[Opening Supplied material section]

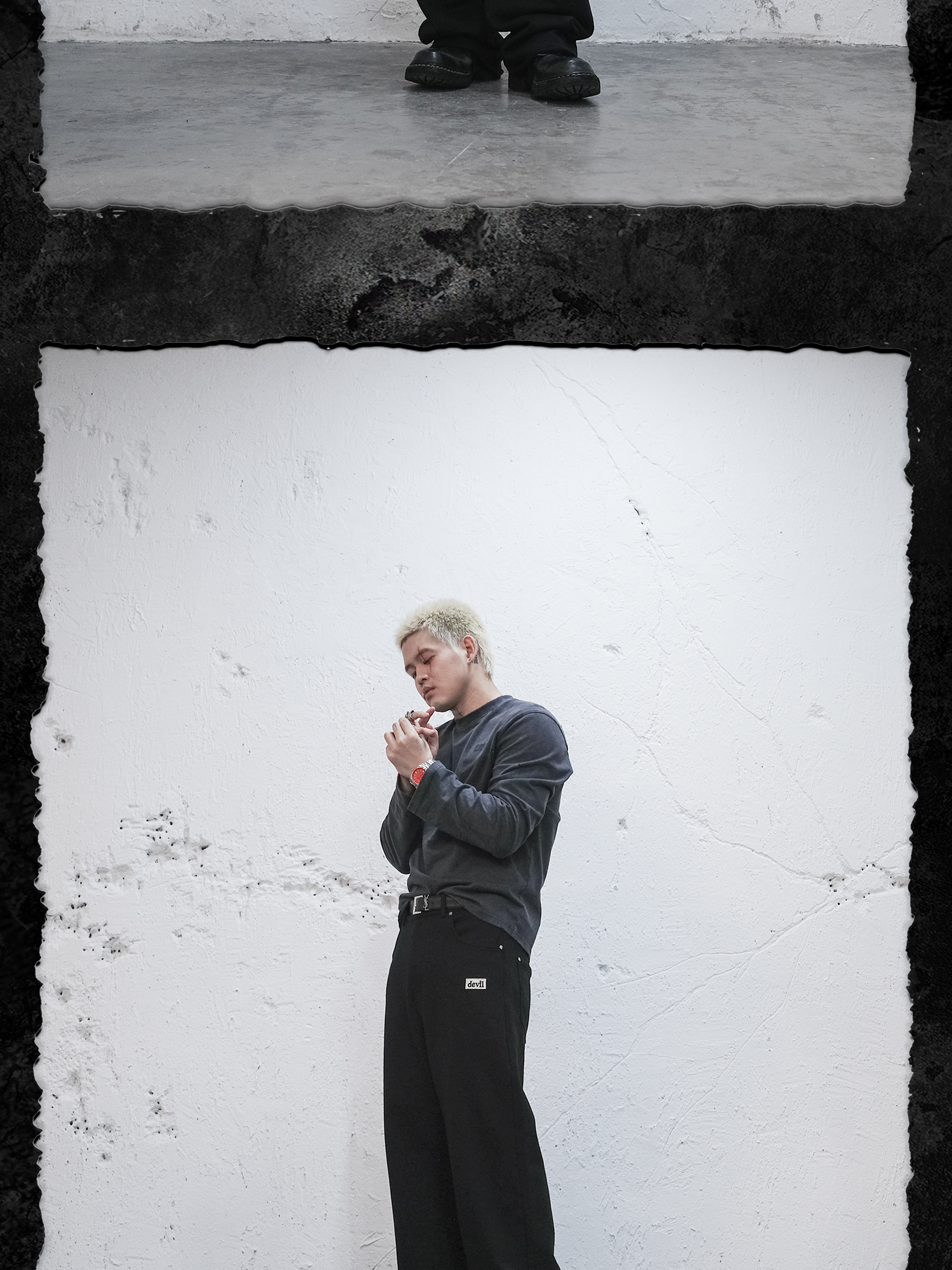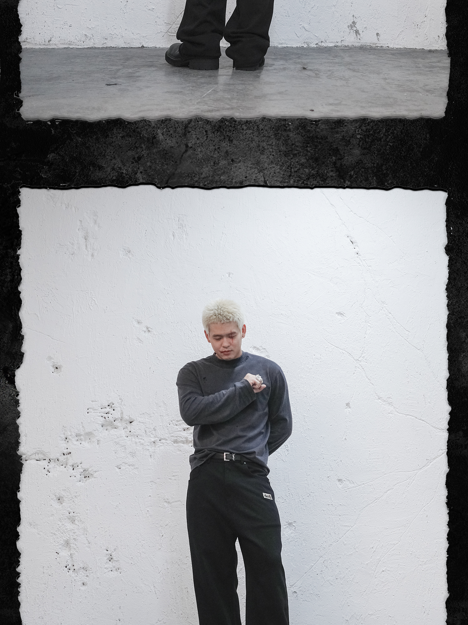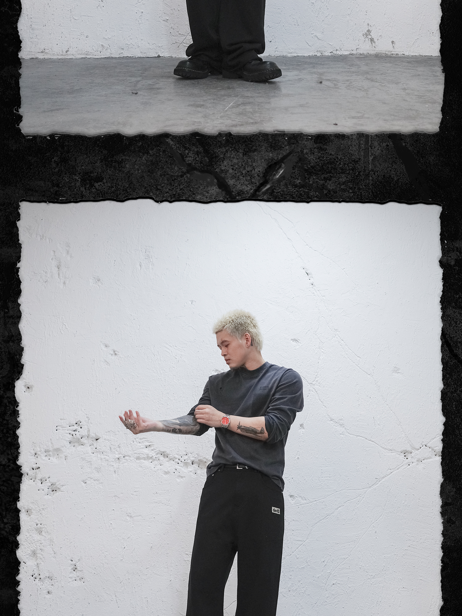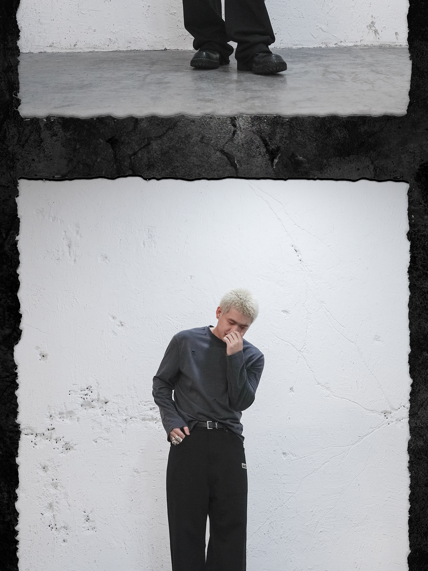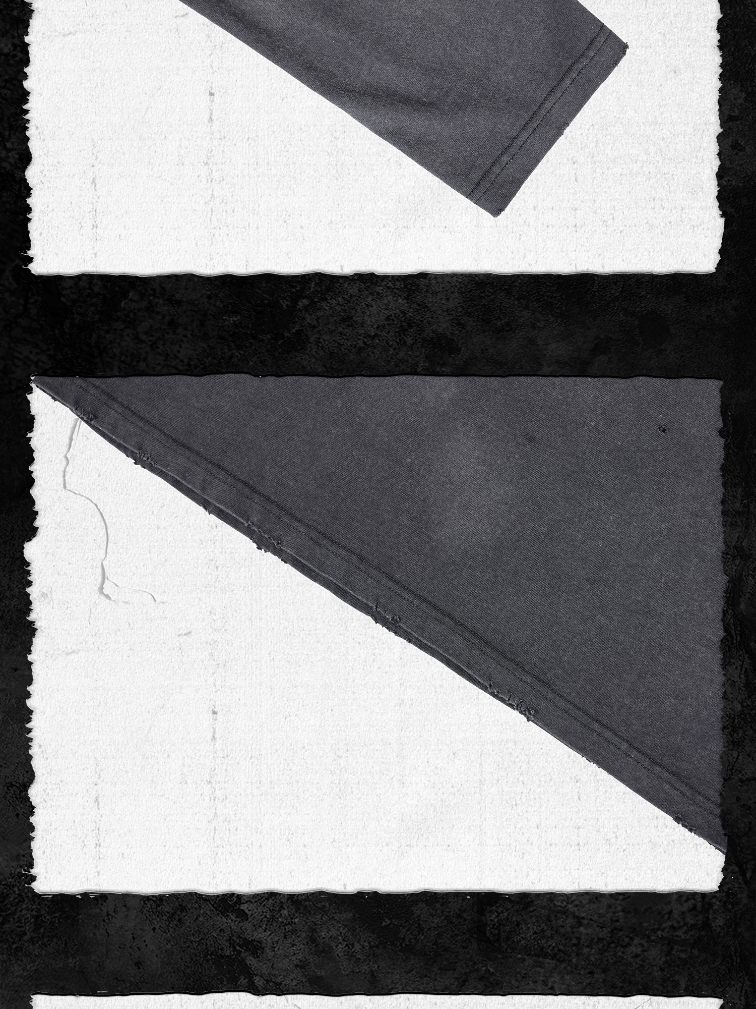 - This long sleeve features a UW fitted silhouette made from lightweight, soft cotton for a comfortable, skin-friendly feel.The devil chest graphic is produced using Conli digital direct injection, appearing like a whispering shadow beneath the skin. Industrial washing and monkey-spray techniques naturally form a ghosted chest-pocket imprint, resembling a searing brand against the torso. Irregular hand-applied destruction and slash marks cover the garment—each crack a trace of conflict, balancing softness with defiance.
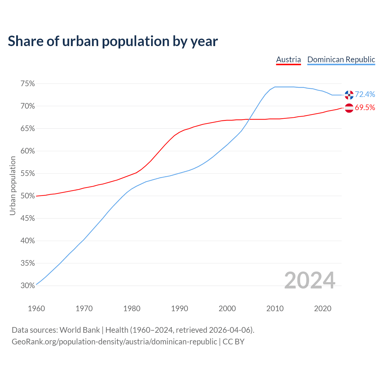 From 2004 to 2024, the share of urban population changed from 67% to 69.5% in Austria and from 65.9% to 72.4% in the Dominican Republic.
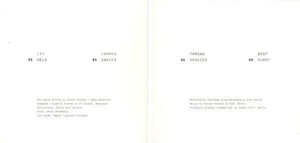 Tracklist: 1. Lit, 2. Held, 3. Looped, 4. Swayed, 5. Thrown, 6. Dragged, 7. Bent, 8. Burnt
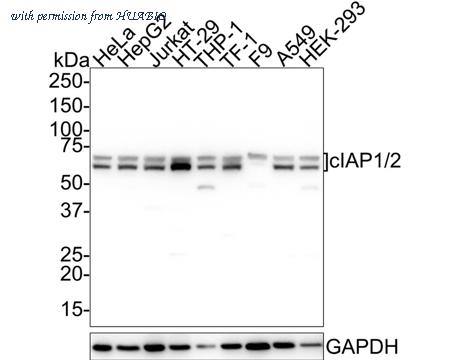 Western blot analysis of cIAP1/2 on different lysates with Rabbit anti-cIAP1/2 antibody (HA500535) at 1/1,000 dilution. Lane 1: HeLa cell lysate Lane 2: HepG2 cell lysate Lane 3: Jurkat cell lysate Lane 4: HT-29 cell lysate Lane 5: THP-1 cell lysate Lane 6: TF-1 cell lysate Lane 7: F9 cell lysate Lane 8: A549 cell lysate Lane 9: HEK-293 cell lysate Lysates/proteins at 20 µg/Lane. Predicted band size: 70/68 kDa Observed band size: 70/68 kDa Exposure time: 43 seconds; 4-20% SDS-PAGE gel. Proteins were transferred to a PVDF membrane and blocked with 5% NFDM/TBST for 1 hour at room temperature. The primary antibody (HA500535) at 1/1,000 dilution was used in 5% NFDM/TBST at room temperature for 2 hours. Goat Anti-Rabbit IgG - HRP Secondary Antibody (HA1001) at 1/50,000 dilution was used for 1 hour at room temperature.
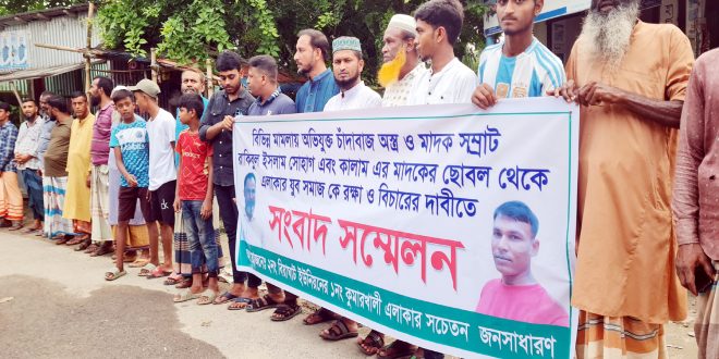 বক্তারা বলেন, কালাম ও সোহাগের মাদকদ্রব্যে নষ্ট হচ্ছে কুমারখালী যুব সমাজ। অস্ত্র, মাদক, চুরি ও চাঁদাবাজির একাধিক মামলা রয়েছে তাদের নামে। তবুও এলাকায় মাদক বিক্রি, চুরি ও চাঁদাবাজি করে প্রকাশ্যে ঘুরে বেড়াচ্ছে। তারা জালটাকার মামলার সঙ্গেও জড়িত। এলাকার অনেক মানুষের ভ্যান, পুকুর থেকে মটর ও ট্রান্সফর্মার চুরি করেছে। টাকার স্বার্থে যেকোনো অন্যায় কাজ করতে পারে তারা। মাদক স¤্রাট ওই পিতাপুত্রের ছোবল থেকে যুব সমাজকে রক্ষা ও তাদের বিচারের দাবিতে দ্রæত প্রশাসনের হস্তক্ষেপ কামনা করেছেন গ্রামবাসী।
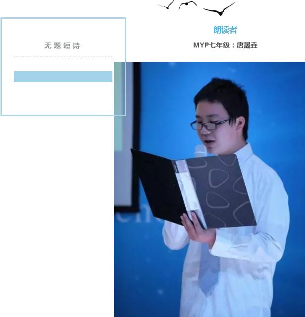 七年級的唐晟垚同學也曾充滿困惑,當他讀到一首連題目也沒有的短詩時,卻無法忘記詩中那種激勵自己的力量,他想把這種力量分享出來,給更多人以力量。
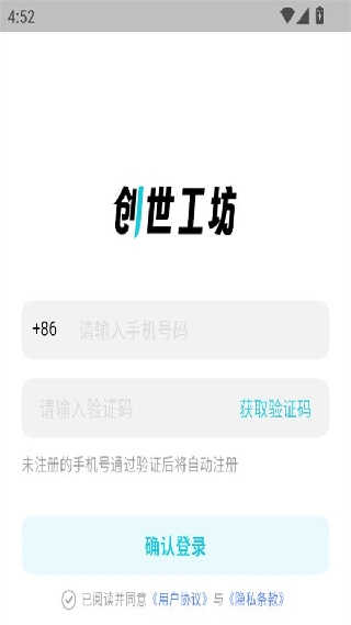 1. 首先在该网页下载并安装好创世工坊app,随后打开软件,通过手机号与验证码注册、登录账号。
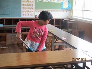 4年生2人は、いつもより清掃を早めに取りかかり、5年生の分まで頑張ってきれいにしていました。
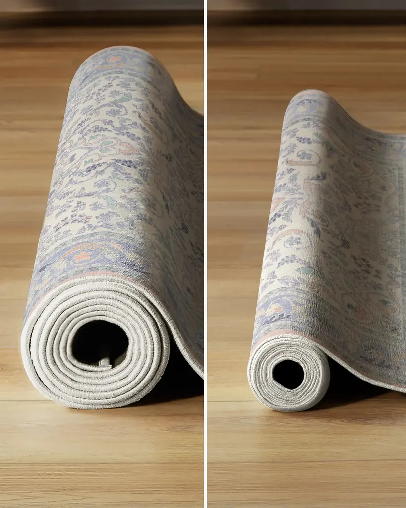 Make a grand entrance with our Bridgerton Fit for a Queen Soft Lavender Rug. Inspired by ornate and embellished Regency-era interiors, this traditional rug design has whimsical floral motifs reminiscent of royal garden parties. The antiqued and distressed style features soft lavender, blues, purples, peaches, and neutrals against a light cream background. Water-resistant, stain-resistant, and machine-washable. Rug colors may vary slightly according to your device and the lighting in your space.
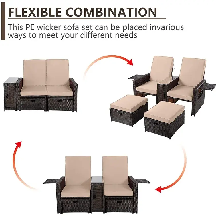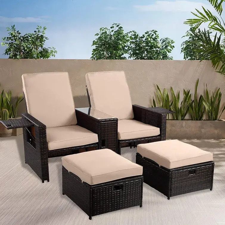 Two-seater woven rattan sofa for patio – Outdoor sofa set with cushions – Reclining armchair with footrest, wicker furniture for garden, terrace, balcony, beach, cafe, patio
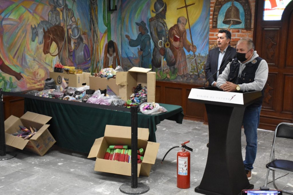 Explicó que, en coordinación con Seguridad Pública, Inspección y Vigilancia, se realizan revisiones en los puestos, además se han atendido 150 llamados por denuncia de venta clandestina de cohetes prohibidos, con 15 mil piezas decomisadas aproximadamente.
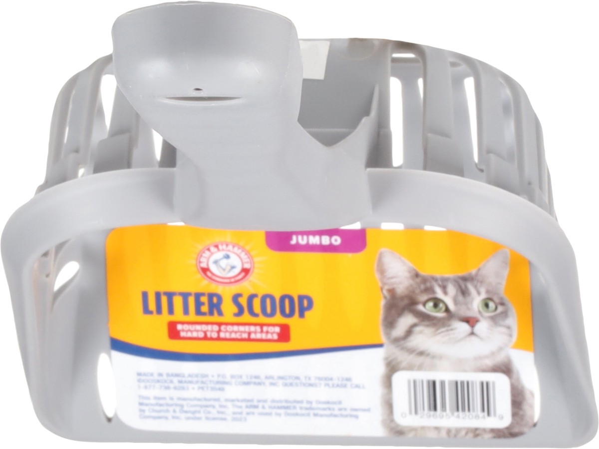 Arm & Hammer's Jumbo Litter Scoop is a jumbo-sized litter scoop with built-in antimicrobial protection that stops the growth of bacteria and reduces odors. The slotted design lets clean litter fall th…

[Closing Supplied material section]

** Problem to work on **
Could you copy all of the entries above exactly, without the pictures?

** Answer area **
 - This long sleeve features a UW fitted silhouette made from lightweight, soft cotton for a comfortable, skin-friendly feel.The devil chest graphic is produced using Conli digital direct injection, appearing like a whispering shadow beneath the skin. Industrial washing and monkey-spray techniques naturally form a ghosted chest-pocket imprint, resembling a searing brand against the torso. Irregular hand-applied destruction and slash marks cover the garment—each crack a trace of conflict, balancing softness with defiance.
 From 2004 to 2024, the share of urban population changed from 67% to 69.5% in Austria and from 65.9% to 72.4% in the Dominican Republic.
 Tracklist: 1. Lit, 2. Held, 3. Looped, 4. Swayed, 5. Thrown, 6. Dragged, 7. Bent, 8. Burnt
 Western blot analysis of cIAP1/2 on different lysates with Rabbit anti-cIAP1/2 antibody (HA500535) at 1/1,000 dilution. Lane 1: HeLa cell lysate Lane 2: HepG2 cell lysate Lane 3: Jurkat cell lysate Lane 4: HT-29 cell lysate Lane 5: THP-1 cell lysate Lane 6: TF-1 cell lysate Lane 7: F9 cell lysate Lane 8: A549 cell lysate Lane 9: HEK-293 cell lysate Lysates/proteins at 20 µg/Lane. Predicted band size: 70/68 kDa Observed band size: 70/68 kDa Exposure time: 43 seconds; 4-20% SDS-PAGE gel. Proteins were transferred to a PVDF membrane and blocked with 5% NFDM/TBST for 1 hour at room temperature. The primary antibody (HA500535) at 1/1,000 dilution was used in 5% NFDM/TBST at room temperature for 2 hours. Goat Anti-Rabbit IgG - HRP Secondary Antibody (HA1001) at 1/50,000 dilution was used for 1 hour at room temperature.
 বক্তারা বলেন, কালাম ও সোহাগের মাদকদ্রব্যে নষ্ট হচ্ছে কুমারখালী যুব সমাজ। অস্ত্র, মাদক, চুরি ও চাঁদাবাজির একাধিক মামলা রয়েছে তাদের নামে। তবুও এলাকায় মাদক বিক্রি, চুরি ও চাঁদাবাজি করে প্রকাশ্যে ঘুরে বেড়াচ্ছে। তারা জালটাকার মামলার সঙ্গেও জড়িত। এলাকার অনেক মানুষের ভ্যান, পুকুর থেকে মটর ও ট্রান্সফর্মার চুরি করেছে। টাকার স্বার্থে যেকোনো অন্যায় কাজ করতে পারে তারা। মাদক স¤্রাট ওই পিতাপুত্রের ছোবল থেকে যুব সমাজকে রক্ষা ও তাদের বিচারের দাবিতে দ্রæত প্রশাসনের হস্তক্ষেপ কামনা করেছেন গ্রামবাসী।
 七年級的唐晟垚同學也曾充滿困惑,當他讀到一首連題目也沒有的短詩時,卻無法忘記詩中那種激勵自己的力量,他想把這種力量分享出來,給更多人以力量。
 1. 首先在该网页下载并安装好创世工坊app,随后打开软件,通过手机号与验证码注册、登录账号。
 4年生2人は、いつもより清掃を早めに取りかかり、5年生の分まで頑張ってきれいにしていました。
 Make a grand entrance with our Bridgerton Fit for a Queen Soft Lavender Rug. Inspired by ornate and embellished Regency-era interiors, this traditional rug design has whimsical floral motifs reminiscent of royal garden parties. The antiqued and distressed style features soft lavender, blues, purples, peaches, and neutrals against a light cream background. Water-resistant, stain-resistant, and machine-washable. Rug colors may vary slightly according to your device and the lighting in your space.
 Two-seater woven rattan sofa for patio – Outdoor sofa set with cushions – Reclining armchair with footrest, wicker furniture for garden, terrace, balcony, beach, cafe, patio
 Explicó que, en coordinación con Seguridad Pública, Inspección y Vigilancia, se realizan revisiones en los puestos, además se han atendido 150 llamados por denuncia de venta clandestina de cohetes prohibidos, con 15 mil piezas decomisadas aproximadamente.
 Arm & Hammer's Jumbo Litter Scoop is a jumbo-sized litter scoop with built-in antimicrobial protection that stops the growth of bacteria and reduces odors. The slotted design lets clean litter fall th…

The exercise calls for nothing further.